QCOSTARICA byMitzi Stark – In sight of the busy highway on the way to Atenas and Jacó the remnants of an old stone wall can barely be seen from the windows of a car or bus this was once a very important part of the history of Costa Rica.

This is the Old Customs Building. (The Old Customs shed in San Jose is now a show room for fairs and events).

As a highway patrol and quarters for soldiers, the site was used as long ago as 1770 but the buildings, a customs house and home for a platoon of soldiers was built under the presidency of Braulio Carrillo in the 1840’s. The building was made of stone and measured about 80 feet by 160 feet and had a roof of wood and tiles. This was frontier land. Gold was discovered and mined in the nearby Monte de Aguacate and the first coins were minted nearby. Crime was not unknown.

The highway was much higher then and certainly much rougher, being made of stones and dirt, but it was the route of the coffee caravans to the port of Puntarenas.
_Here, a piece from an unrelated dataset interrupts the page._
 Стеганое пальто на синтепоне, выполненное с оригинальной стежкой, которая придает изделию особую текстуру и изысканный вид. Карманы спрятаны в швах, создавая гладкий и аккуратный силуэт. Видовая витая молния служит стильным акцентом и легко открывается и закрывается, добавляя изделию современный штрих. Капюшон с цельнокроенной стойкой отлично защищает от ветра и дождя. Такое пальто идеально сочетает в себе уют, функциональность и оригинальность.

By the 1840’s Costa Rica was busy with growing and exporting coffee to Europe and North America and money was flowing in. . .and out as the demand for imported goods grew. Carts hauled by oxen brought tools, cloth, fancy goods for homes and manufactured goods for the farms and factories, metal plates for building the metallic school in San Jose, rifles for the army and much, much more. The government needed money and collecting a tax on all the imported goods was one way to earn it.
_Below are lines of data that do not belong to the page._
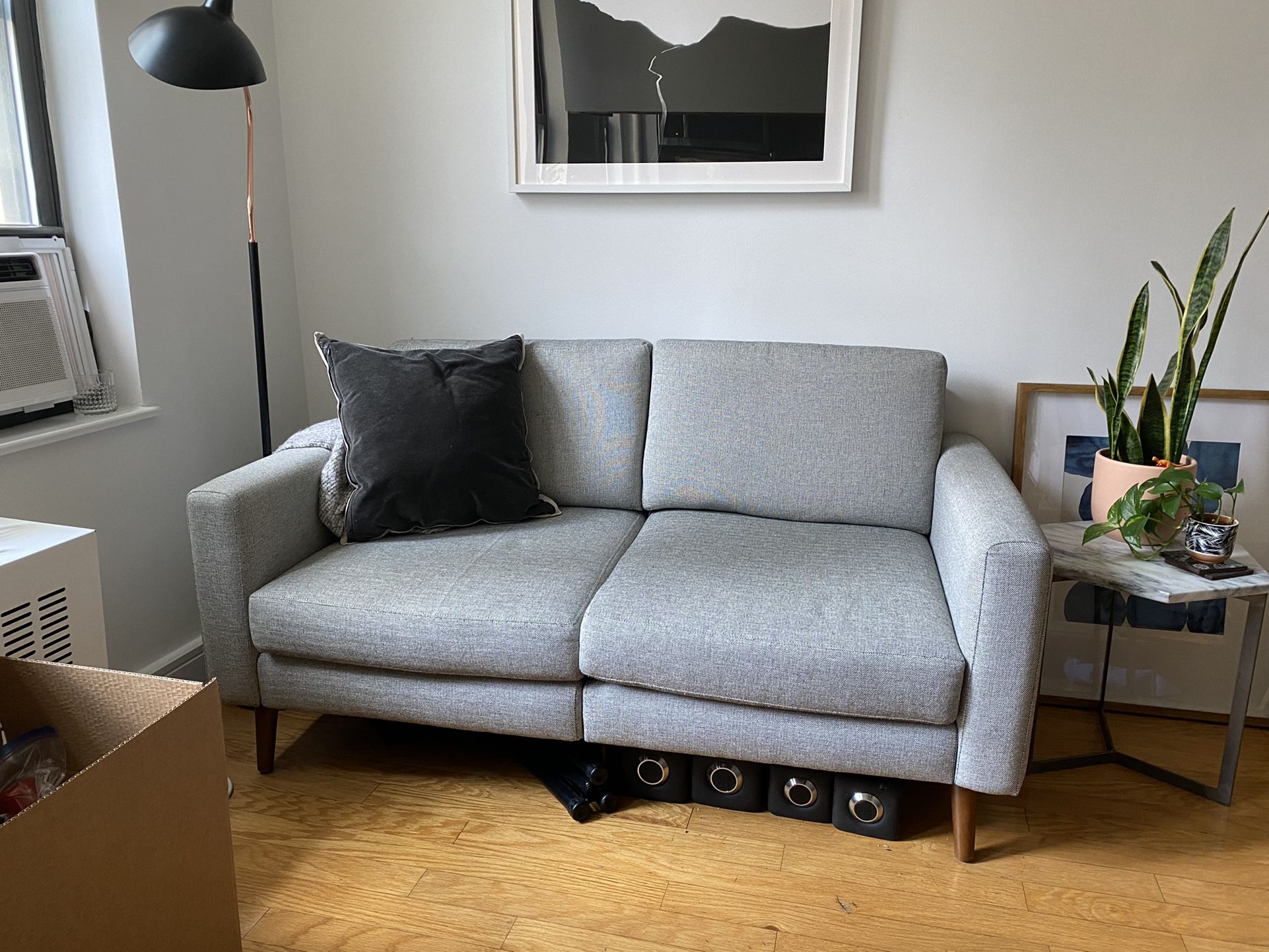 Burrow Nomad Couch Block Arms Gray Fabric Walnut Legs Used for less than a year Bought this loveseat in July 2021 and it’s been gently used by me and my small pup. I’m moving and will be replacing it with a bigger couch - so this can be yours for a bargain! Pick up in Brooklyn Heights (Clark and Henry Sts.). Elevator in building. Easy to disassemble and reassemble - comes in 3 pieces and 4 cushions.
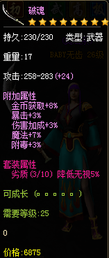 25级破魂(三职业):尸王标兵爆出(将军殿怪较多,适合刷),如果刷出可以成长的可以用很久用到76级换武器都行
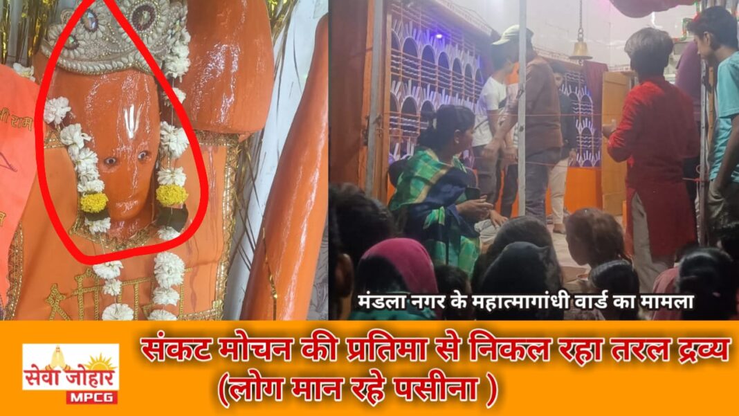 हम बात कर रहे है मप्र के मंडला नगर के महात्मा गांधी वार्ड की जहाँ चूरामन घाट जाने वाले मार्ग पर स्थित हनुमानजी का पुराना मंदिर है। इस मंदिर में हनुमानजी प्रतिमा स्थापित है जिसमे बीते दिनों से पसीना पानी की तरह बहने की अफवाहें फैली लोगो को जब बातें भरोसे लायक समझ नही आई तो वे लोग देखने हनुमान मंदिर पहुँचने लगे जो अब कौतूहल का विषय बना हुआ है और हनुमान जी की प्रतिमा की फ़ोटो व वीडियो सोशल मीडिया में जमकर वाइरल हो रही है। फ़ोटो में साफ तौर पर दिखाई दे रहा है कि प्रतिमा से पानी की बूंदे चेहरे पर दिखाई दे रही है और जो चोला हनुमानजी को चढ़ाया गया था वह भी भींग रहा है।
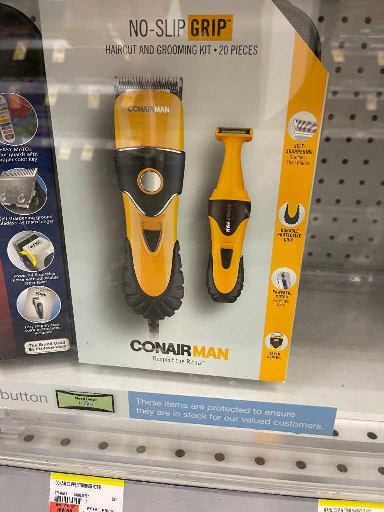 The semiotics of this marketing decision are clear: this is no sissy’s groomer. This is a TOOL for GETTING IT DONE. In the broader context of basic grooming equipment, no other company that I could find was applying this type of visual design. Even Conair’s own higher end offerings, marketed towards professionals, had a much more staid design, like this one: https://www.conair.com/c/24b35/chrome-3in1-kit/788.

In 1856 war broke out as William Walker, a southerner from the United States, and his mercenary army of filibusters invaded Guanacaste in his effort to create slave states for the U.S.

Tico soldiers and recruits answered the call of president Mora to repel the invaders and save Costa Rica’s independence.

The war consisted of several important skirmishes in Santa Rosa, Guanacaste and Rivas in Nicaragua, and a second campaign to clear Walkers army from the San Juan river. At last, on May 1, 1857, the soldiers could withdraw and return to their homes in the Central Valley. On May 12, 1857 president Mora met them at this very point to praise them and show his gratitude.

Although only some of the stone walls remain, the 169th anniversary of this historic meeting was celebrated by a visit from the sixth grade of the Ricardo Fernando Guardia school in La Garita and historian Ronald Castro who explained the role of the site where the president Mora met the victorious army of the Campaign of 56.

The stone walls are seen as you travel toward Atenas on route 27 about a kilometer west of the Fiesta de Maiz restaurant and rest stop, just east of the curves leading down to the river.